__About this exercise__. Transcribe the following entries letter for letter, without the pictures.

__Extracted entries__.
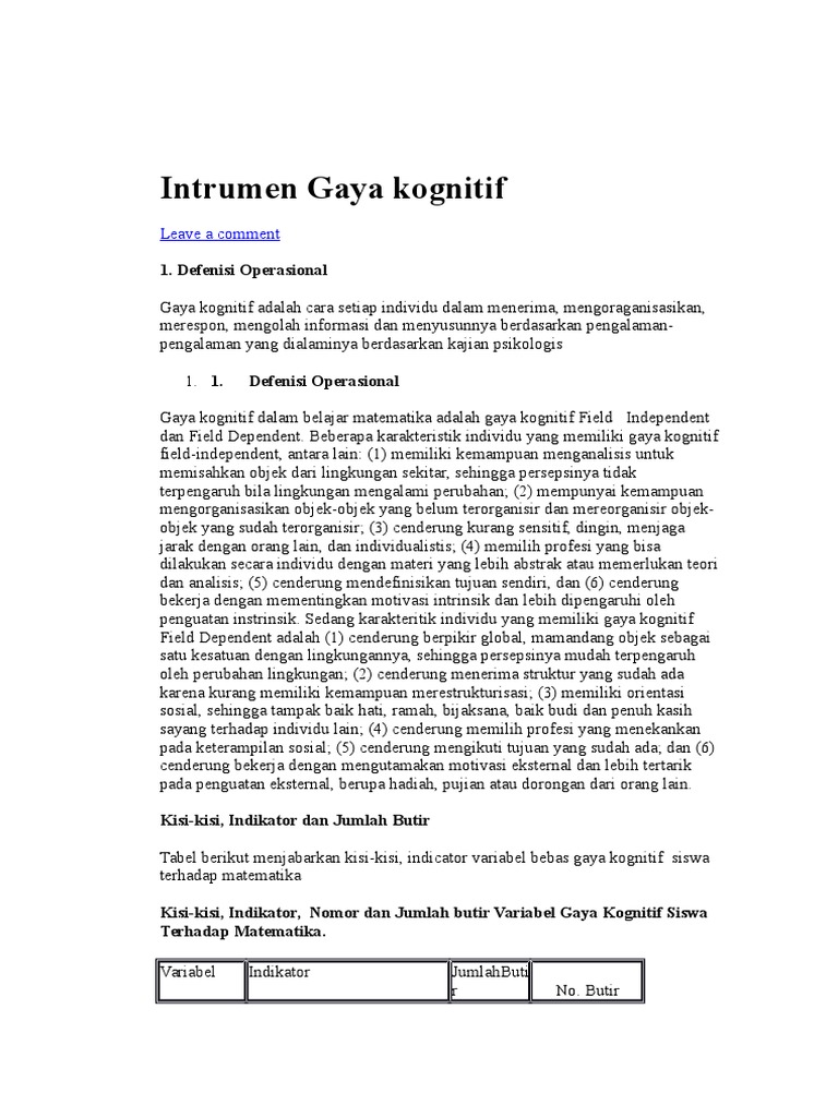 Analisis Deskriptif Gaya Kognitif Field Dependent Field Independent Siswa Sekolah Menengah Pada Pembelajaran Fisika Levels Of Inquiry Model Upi Repository
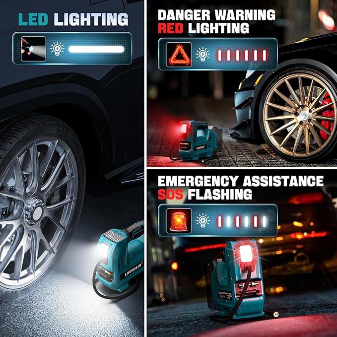 - Fast Inflation: Powered by 25mm metal cylinder and brushless motor, this portable air compressor delivers lightning-fast inflation at 40L/min—filling a standard 195/65/R15 tire in under 3.3 minutes. The built-in 3-mode LED flashlight (SOS, hazard warning, steady light) ensures safe, reliable visibility for nighttime emergencies or low-light repairs.
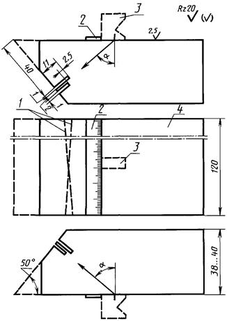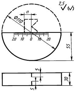 На боковых и рабочей поверхностях образца должны быть выгравированы риски, проходящие через центр полуокружности и по оси рабочей поверхности. В обе стороны от рисок на боковые поверхности наносят шкалы. Нуль шкалы должен совпадать с центром образца с точностью ±0,1 мм.
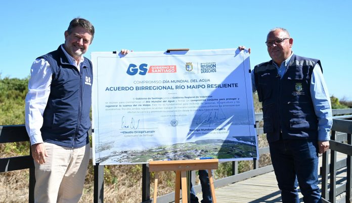 En el Santuario de la Naturaleza Humedal Río Maipo, en la desembocadura del Río Maipo, donde sus aguas se encuentran finalmente con el océano Pacífico, los Gobiernos Regionales de Santiago y Valparaíso suscribieron un acuerdo birregional histórico para la protección y regeneración integral de toda la cuenca del río.
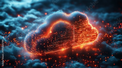 © yang, Obraz premium Futuristic AI chip in a cloud network symbolizing decentralized computing
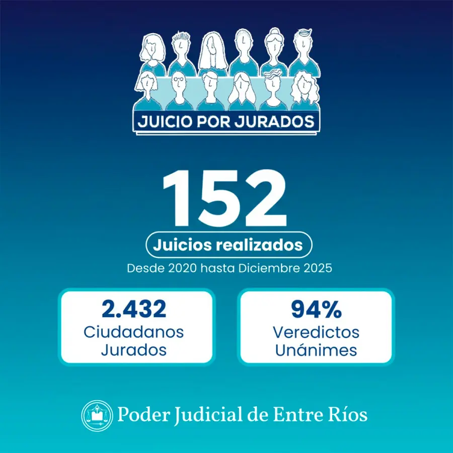 El sistema de juicios por jurados reafirmó durante el último año su consolidación como una herramienta central del proceso penal en la provincia. Desde su implementación en 2020 y hasta diciembre de 2025, se llevaron adelante 152 debates bajo esta modalidad.
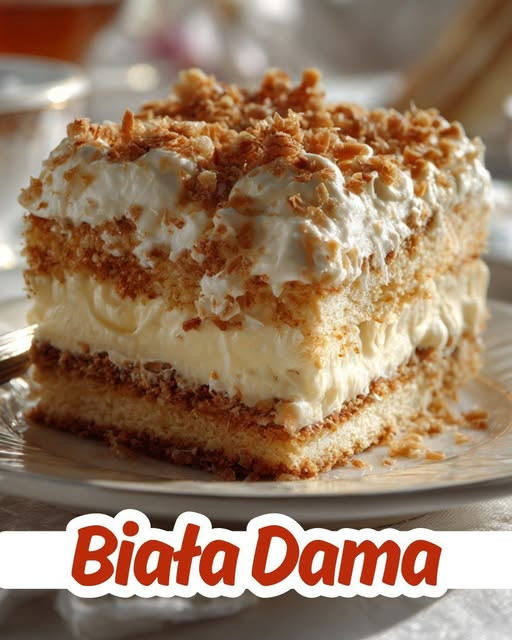 Składniki ogólne: ciasto z biszkoptem, krem budyniowy, masa serowa (twaróg + śmietana), dodatki kokosowe, brzoskwinie

__Task solution__.
 Analisis Deskriptif Gaya Kognitif Field Dependent Field Independent Siswa Sekolah Menengah Pada Pembelajaran Fisika Levels Of Inquiry Model Upi Repository
 - Fast Inflation: Powered by 25mm metal cylinder and brushless motor, this portable air compressor delivers lightning-fast inflation at 40L/min—filling a standard 195/65/R15 tire in under 3.3 minutes. The built-in 3-mode LED flashlight (SOS, hazard warning, steady light) ensures safe, reliable visibility for nighttime emergencies or low-light repairs.
 На боковых и рабочей поверхностях образца должны быть выгравированы риски, проходящие через центр полуокружности и по оси рабочей поверхности. В обе стороны от рисок на боковые поверхности наносят шкалы. Нуль шкалы должен совпадать с центром образца с точностью ±0,1 мм.
 En el Santuario de la Naturaleza Humedal Río Maipo, en la desembocadura del Río Maipo, donde sus aguas se encuentran finalmente con el océano Pacífico, los Gobiernos Regionales de Santiago y Valparaíso suscribieron un acuerdo birregional histórico para la protección y regeneración integral de toda la cuenca del río.
 © yang, Obraz premium Futuristic AI chip in a cloud network symbolizing decentralized computing
 El sistema de juicios por jurados reafirmó durante el último año su consolidación como una herramienta central del proceso penal en la provincia. Desde su implementación en 2020 y hasta diciembre de 2025, se llevaron adelante 152 debates bajo esta modalidad.
 Składniki ogólne: ciasto z biszkoptem, krem budyniowy, masa serowa (twaróg + śmietana), dodatki kokosowe, brzoskwinie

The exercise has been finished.